*** Opening of Task material ***

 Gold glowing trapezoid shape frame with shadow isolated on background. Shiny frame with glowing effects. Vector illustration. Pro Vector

*** Close of Task material ***
*** Opening of Task material ***

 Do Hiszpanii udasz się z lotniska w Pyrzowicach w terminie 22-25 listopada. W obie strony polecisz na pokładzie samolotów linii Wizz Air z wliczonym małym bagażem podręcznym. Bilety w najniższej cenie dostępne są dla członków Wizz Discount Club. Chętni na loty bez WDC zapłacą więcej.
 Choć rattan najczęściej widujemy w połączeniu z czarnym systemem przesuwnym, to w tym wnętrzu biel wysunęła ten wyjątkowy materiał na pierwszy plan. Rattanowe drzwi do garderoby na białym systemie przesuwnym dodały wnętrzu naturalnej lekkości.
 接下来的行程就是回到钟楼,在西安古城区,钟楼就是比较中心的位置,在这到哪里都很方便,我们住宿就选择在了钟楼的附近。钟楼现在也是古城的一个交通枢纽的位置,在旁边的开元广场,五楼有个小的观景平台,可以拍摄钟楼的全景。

*** Close of Task material ***

• **Your assignment**
Taking the records above, retype every line from the one with "Do Hiszpanii udasz" down to the one with "接下来的行程就是回到钟楼,在", exactly and with nothing else.

• **Solution to this problem**
 Do Hiszpanii udasz się z lotniska w Pyrzowicach w terminie 22-25 listopada. W obie strony polecisz na pokładzie samolotów linii Wizz Air z wliczonym małym bagażem podręcznym. Bilety w najniższej cenie dostępne są dla członków Wizz Discount Club. Chętni na loty bez WDC zapłacą więcej.
 Choć rattan najczęściej widujemy w połączeniu z czarnym systemem przesuwnym, to w tym wnętrzu biel wysunęła ten wyjątkowy materiał na pierwszy plan. Rattanowe drzwi do garderoby na białym systemie przesuwnym dodały wnętrzu naturalnej lekkości.
 接下来的行程就是回到钟楼,在西安古城区,钟楼就是比较中心的位置,在这到哪里都很方便,我们住宿就选择在了钟楼的附近。钟楼现在也是古城的一个交通枢纽的位置,在旁边的开元广场,五楼有个小的观景平台,可以拍摄钟楼的全景。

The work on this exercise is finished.